In other words, between the Federal Reserve injecting a massive amount of liquidity into the financial markets, and corporations buying back their shares, there have been effectively no other real buyers in the market.
Exactly how much are we talking about?
The Market Should Be 40% Lower
The chart below via Pavilion Global Markets shows the impact stock buybacks have had on the market over the last decade. The decomposition of returns for the S&P 500 breaks down as follows:
- 21% from multiple expansion,
- 31.4% from earnings,
- 7.1% from dividends, and
- 40.5% from share buybacks.
In other words, in the absence of share repurchases, the stock market would not be pushing record highs of 4600 but instead levels closer to 2700.

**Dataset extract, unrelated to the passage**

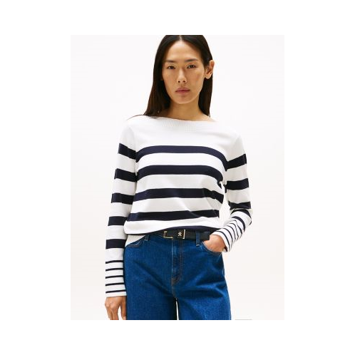 Tommy Hilfiger women's sweater. Our premium cotton boatneck sweater takes on a soft, textured feel thanks to the wide-rib trim accents at the neckline, cuffs and hem.

To put that into context, the high water mark for the S&P 500 in October 2007 was 1556. In October 2021, after 14-years, the market would be 2700 without share buybacks. Such would mean that stocks returned a total of about 3% annually or 42% in total over those 14 years.
Conclusion
Before you scoff at a 3% annualized return, such equates to an economy growing at 2% with a 1-2% dividend yield. Moreover, that calculation aligns with historical norms going back to 1900.
While share repurchases by themselves may indeed be somewhat harmless, it is when they get coupled with accounting gimmicks and massive levels of debt to fund them in which they become problematic.
Michael Lebowitz noted the most significant risk:
“While the financial media cheers buybacks and the SEC, the enabler of such abuse idly watches, we continue to harp on the topic. It is vital, not only for investors but the public-at-large, to understand the tremendous harm already caused by buybacks and the potential for further harm down the road.”
Money that could get spent spurring future growth, benefitting shareholders, instead got wasted benefitting only senior executives.
As stock prices fall, companies that performed un-economic buybacks are now finding themselves with financial losses on their hands, more debt on their balance sheets, and fewer opportunities to grow in the future. Equally disturbing, the CEOs who sanctioned buybacks are much wealthier and unaccountable for their actions.
For investors betting on higher stock prices, the question is what happens if “stock buybacks” reverse?